新スタートアップ会社税額免除制度(Tax Exemption Scheme for New Start-Up Companies)

新設法人の受けられる制度が「新スタートアップ会社税額免除制度」です。設立から3年間、法人課税所得のうち最初の10万Sドルまでが75%の免税となります。さらに、次の10万Sドルは50%が免税となるため、設立から経営が安定するまでの納税額が大幅に抑えられるでしょう。

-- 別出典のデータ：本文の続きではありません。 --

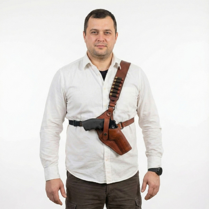The adjustable leather shoulder harness distributes weight across the upper body, helping reduce movement during walking or climbing. A forefinger retention strap secures the handgun in place while still allowing a controlled and natural draw. The hand-molded leather holster is shaped specifically to the selected firearm model, supporting proper fit and retention over time as the leather breaks in.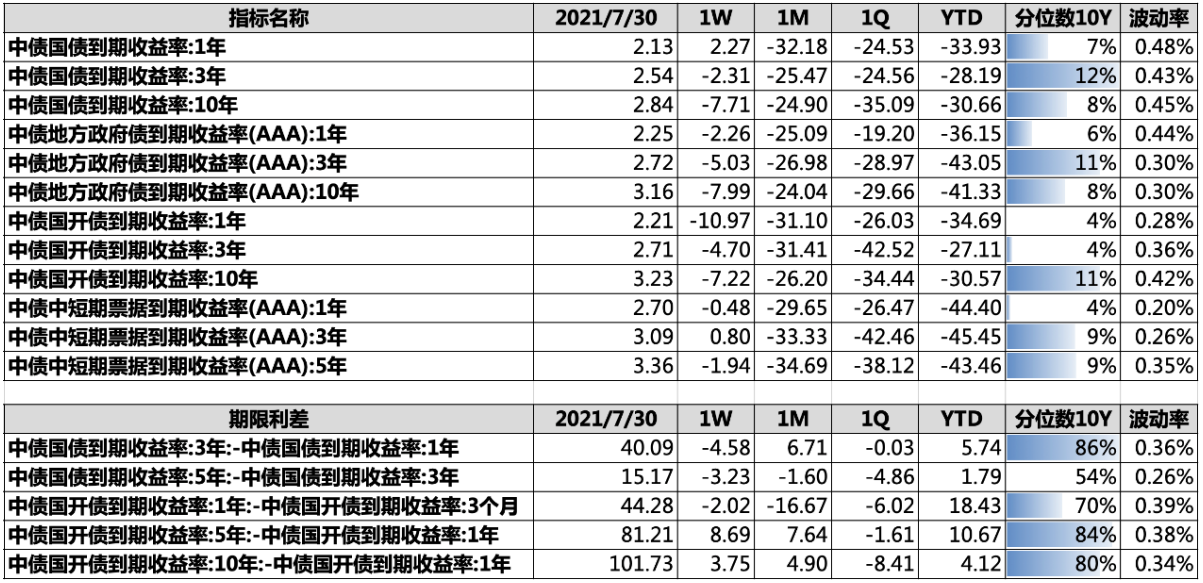 上周,无风险收益率曲线整体下移,短端下移明显。1年期国开债收益率下行10.97BP至2.21%,10年期国开债收益率下行7.22BP至3.23%。国开债10年和1年期期限利差单周上行3.75BP至101.73BP,5年和1年期期限利差单周上行8.69BP至81.21BP,从历史10年估值分位数来看,10年和5年期分位数处在80分位数以上。上周,央行维稳跨月流动性,在流动性宽松背景下,利率债短期限收益率下行较多。展望后市,经济基本面环比回落,通胀失控风险逐渐消除,中长期利率债的中枢水平或进一步下移,但是由于市场短期已经计入了较多乐观情绪,短期内快速下行的动能在弱化。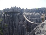 Wow! Ya. Don't think I'd be getting on that rope bridge. Nuhhh uh! Another great thing about the good US of A. Safety regulations, OSHA, to name a few. Unless a whole village depended on it for water or food transportation, so you know someone was constantly making sure it was good, I'd do exactly what you did, take a picture of it! Your one friend was thinking Shrek. Me? Indiana Jones. The rocks? Lara Croft/Tombraider. I giggle everytime you talk about Pat and his tapeworm. Hilarious. And I notice your guide is the first I've seen wearing the THB shirt! HA! What a great Dad though to take his boy along.Did you use the harnesses at all, or were you harnessed together so if one fell the rest of you could counterbalance? The slot canyons looked great!Jessica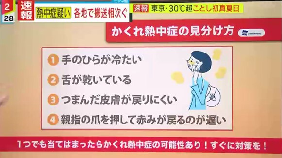 かくれ熱中症にも注意が必要です。①手のひらが冷たい②舌が渇いている③つまんだ皮膚が戻りにくい④親指の爪を押して赤みが戻るのが遅い、この中で1つでも当てはまったら隠れ熱中症の可能性があります。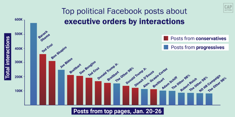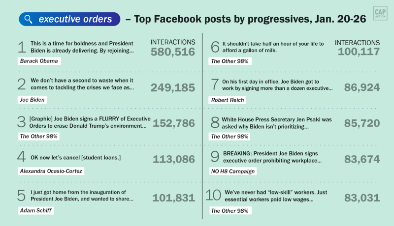 Top ten Facebook posts from progressive pages about executive orders over the last week, according to data from NewsWhip.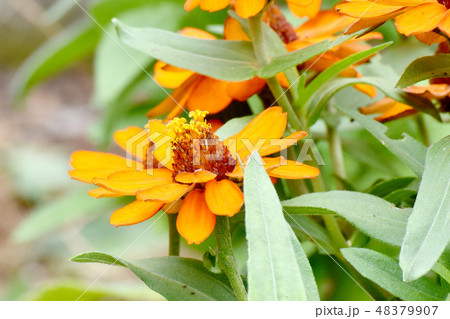 三鷹中原に咲くオレンジのヒャクニチソウ(ジニア)の花

ただし、免税となる課税所得の上限額は20万Sドル、投資持株会社および不動産には本制度は適用されません。

新スタートアップ会社税額免除制度の適用要件

  • シンガポールで設立し、税務上でもシンガポールの居住法人である企業
  • 株主が20人以下
  • 株主が全員個人、もしくは1人の個人株主が10%以上の株式を保有
  • 主な事業内容が、投資会社や、売買・投資用の不動産開発ではない

外国税額控除

二国間租税条約に基づいて運用されている、同一の所得に対して複数の国での重複課税を回避する仕組みです。日本法人とシンガポール法人間での取引があった場合などに、日本で課税された税額とシンガポールで課税された税額のどちらか低い方の税額を限度としてシンガポールの法人税額からの控除が可能です。

外国税額控除は、税務上の居住法人だけが適用になる制度のため、非居住法人は利用できません。

タックスヘイブン対策税制

タックスヘイブン対策税制は、シンガポールへの法人設立による租税回避を規制するための制度です。この制度によって日本法人の子会社の所得は株主の親会社の所得とみなされるため、日本で法人税が課税されます。

2017年の税制改正から、制度の対象となる法人や経済活動など、課税対象となる範囲が拡大されています。そのため、タックスヘイブン税制が適用になるかの判定にかかる事務負担や、国外で課税されるリスクが増大し、注意が必要になりました。

まとめ

法人を経営していく上で収益に大きく影響するのが法人税です。シンガポールの法人税は、世界的にも低く設定されており、居住法人、さらに国内の経済成長につながると判断された企業に対しては、大幅な優遇措置も適用されるため、海外展開における優位性が期待できます。